Новогодник. Собрание сочинений, в прозе и стихах, современных русских писателей, Белинский Виссарион Григорьевич, Год: 1839
Время на прочтение: 14 минут(ы)
В. Г. Белинский. Полное собрание сочинений.
Том третий. Статьи и рецензии (1839-1840). Пятидесятилетний дядюшка
М., Издательство Академии Наук СССР, 1953
51. Новогодник. Собрание сочинений, в прозе и стихах, современных русских писателей. Изданный Н. Кукольником. Санкт-Петербург. 1839. В типографии издателя ‘Энциклопедического лексикона’ А. Плюшара. 421 (8).1
С нетерпением ожидали мы ‘Новогодника’, с нетерпением и прочли его, потому что этот подвиг выше всякого терпения. Без аллегорий — альманах г. Кукольника ниже всякой посредственности: за исключением двух-трех пьес, это просто — сбор разного литературного хламу. Признаемся, совсем не того ожидали мы от вкуса, любви и усердия к литературе такого писателя, как г. Кукольник,2 и его альманах для нас — новое доказательство, как мало надо верить именам…
Начнем с стихотворений.
‘Антоний’, стихотворная поэма, в двадцати семи главах — каждая глава стихов в пятнадцать, г. Губера. В ней воспевается жизнь неизвестного свету героя, который, через оное воспевание, кажется, хочет приобрести себе известность. В добрый час! Но это обстоятельство постороннее: главное дело в том, что местами гладкость и бойкость стиха, местами игривость рассказа, местами истинное чувство составляет достоинство, а излишнее подражание Пушкину, местами дурные стихи, вообще претензии на какую-то глубокость — составляют недостатки этой поэмки. ‘Прогулка Марии Стюарт в Сен-Шерменском парке’ (глава VIII из большой романтической поэмы ‘Давид Риццио’). Славная поэма! Чудесные гекзаметры!— Читайте, дивитесь и наслаждайтесь:
— Что же нам делать, Анета?.. Поедем к Святой Женевьеве!

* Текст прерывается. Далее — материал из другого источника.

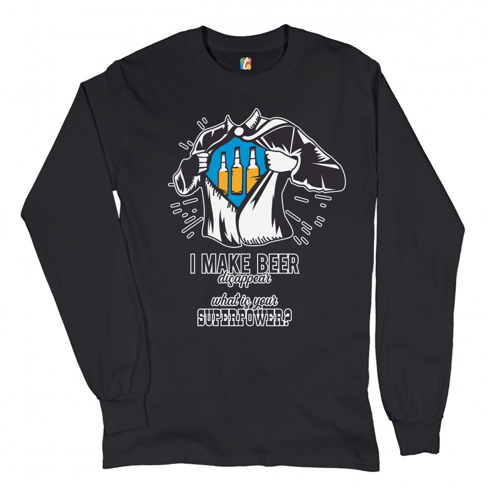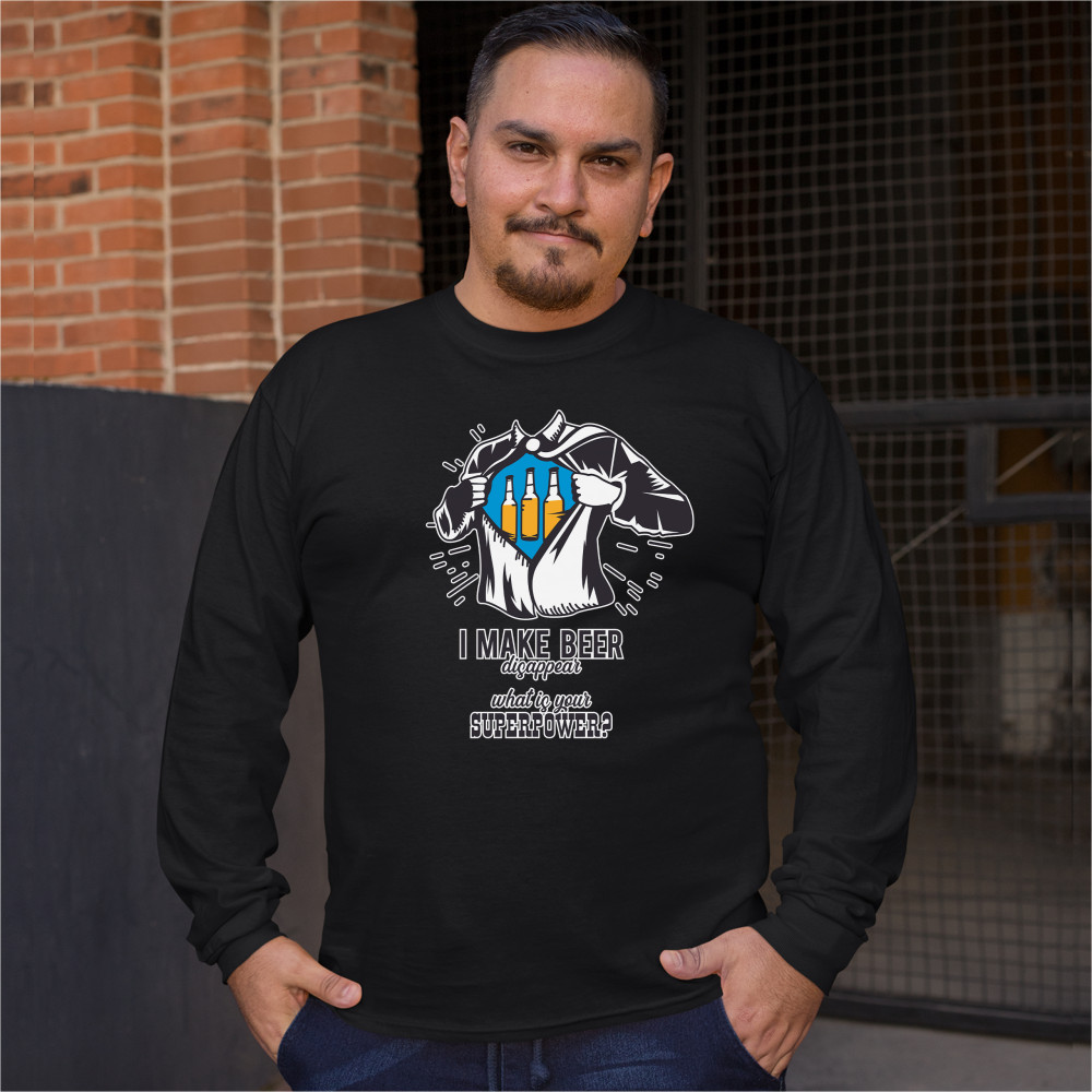 A funny print featuring a torso of man, who is ripping his shirt, exposing a picture of three bottles of beer. Underneath the picture the print says: "I make beer disappear. What is your superpower?". Great choice as a gift for Father's Day celebration.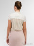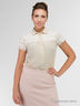 Рубашка с короткими рукавами и отложным воротником. Модель приталенного кроя дополнена застежкой на пуговицы спереди, а так же вставками из ажурного материала . Отличный вариант на каждый день.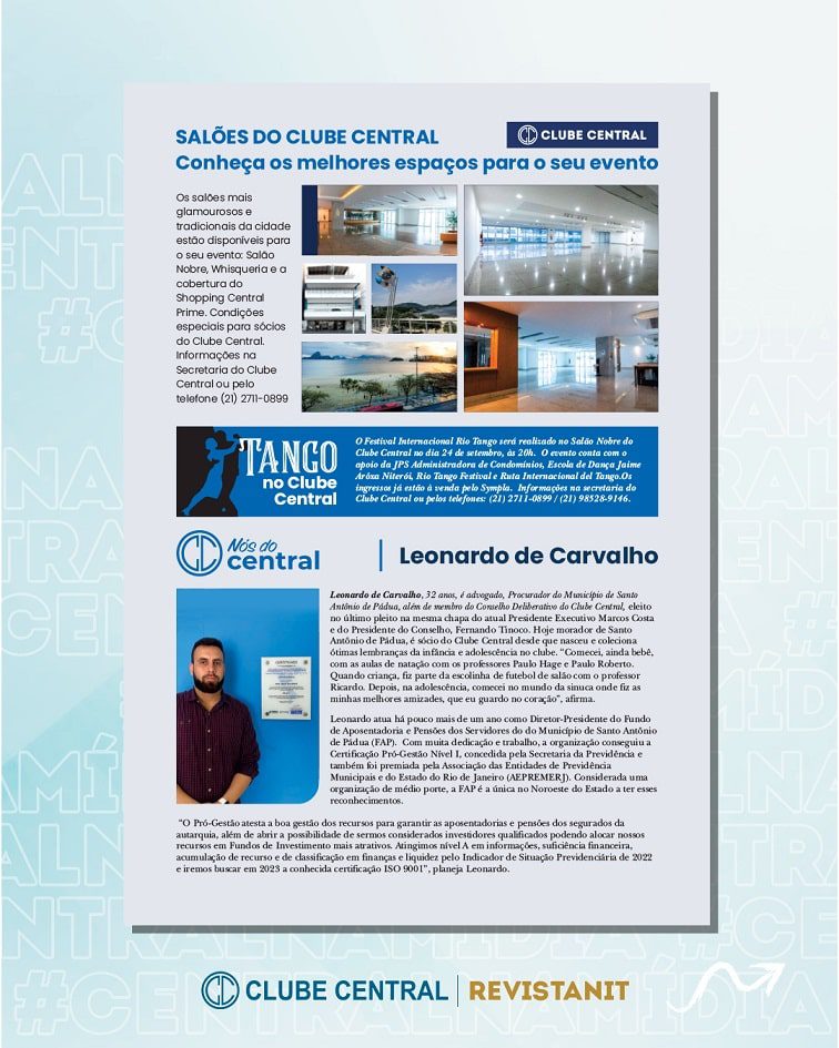 A edição de setembro da Revista Nit (@revista.nit) destacou os maravilhosos salões do Clube Central disponíveis para locação. A revista também trouxe uma nota sobre a realização do Festival Internacional Rio Tango, no Clube Central, além da coluna Nós do Central.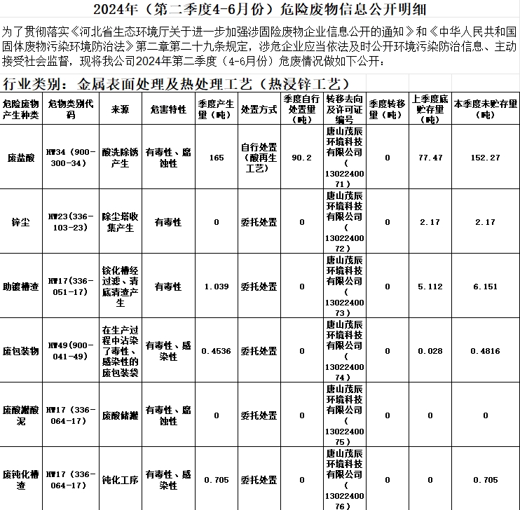 2024年(第二季度4-6月份)危險(xiǎn)廢物信息公開明細(xì)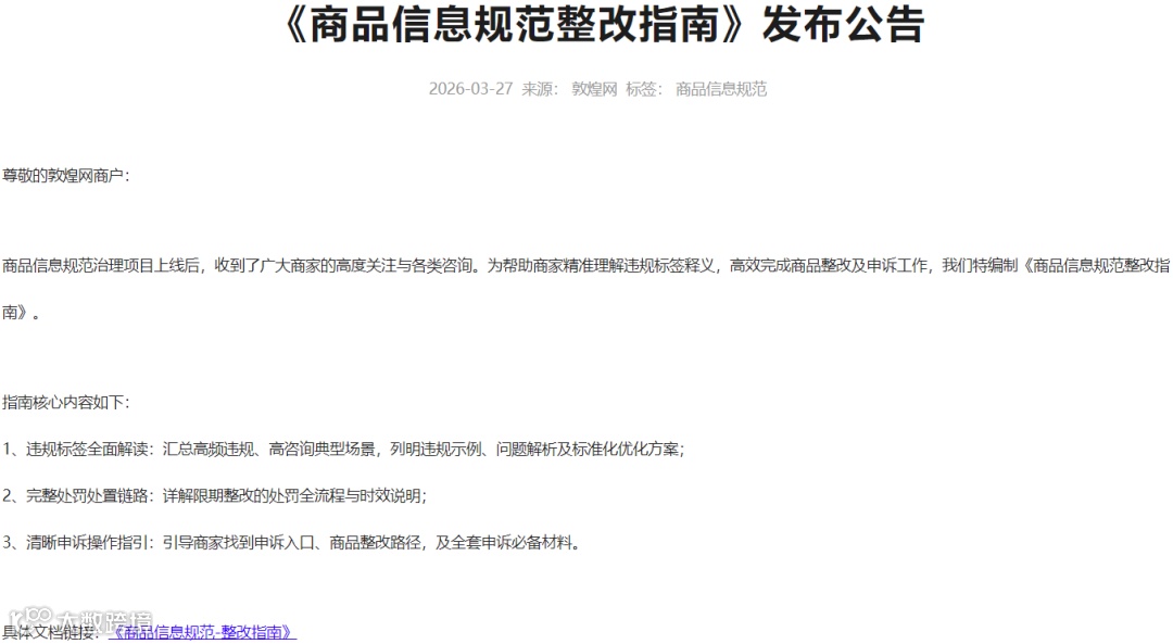 近日,敦煌网发布《商品信息规范整改指南》,帮助商家快速理解违规原因、完成整改并顺利申诉。指南包含三部分内容:一是详细解释各类违规标签,结合常见问题场景,给出具体违规例子、原因分析和优化建议;二是说明处罚流程,包括整改时限和各环节时间节点;三是提供申诉操作指引,明确申诉入口、整改路径以及所需提交的全部材料。

— Ваше величество, это не близко,— сказали старушки.—
Есть особый обряд для поездок в Нантерр, мы не смеем.
— Если нельзя, так поедем гулять в Сен-Жермен.— Невозможно!
Там не топили сегодня, а к ночи нельзя воротиться.—
— Вытопят! — день чудесный, и холод весенний не страшен…
— Ваше величество!.. как вам угодно… — сказали старушки,—
Но…— Пусть седлают коней! мы поедем верхом с баронессой.
— Но… — Разумеется, вам приготовят кареты!.. — Старушки
Несколько ‘но’ проворчали, Мария была непреклонна.
Вышли статс-дамы, держали совет, наконец согласились.
Славные гекзаметры! чудесные гекзаметры! при сей верной оказии мы не можем удержаться, чтобы не сделать известным как творцу этих прекрасных гекзаметров, так и публике, что и мы пишем гекзаметрами большую романтическую поэму, в двадцати четырех песнях — труд, цель которого есть доказать, что можно писать гекзаметры еще лучше, нежели пишет их почтеннейший Нестор Васильевич. Вот маленький отрывочек из нашего большого труда — да рассудит нас публика!
— Здравствуй, мой друг! Каково поживаешь? Что твой кашель?
— Слава богу! — всё хорошо. — Да скажи мне, пожалуй,
Где ты бываешь? Дома тебя никогда не застанешь.
Был я вчера у тебя: отобедать хотел я с тобою,
Вечером вместе в театр.— ‘Деву Дуная’ давали… .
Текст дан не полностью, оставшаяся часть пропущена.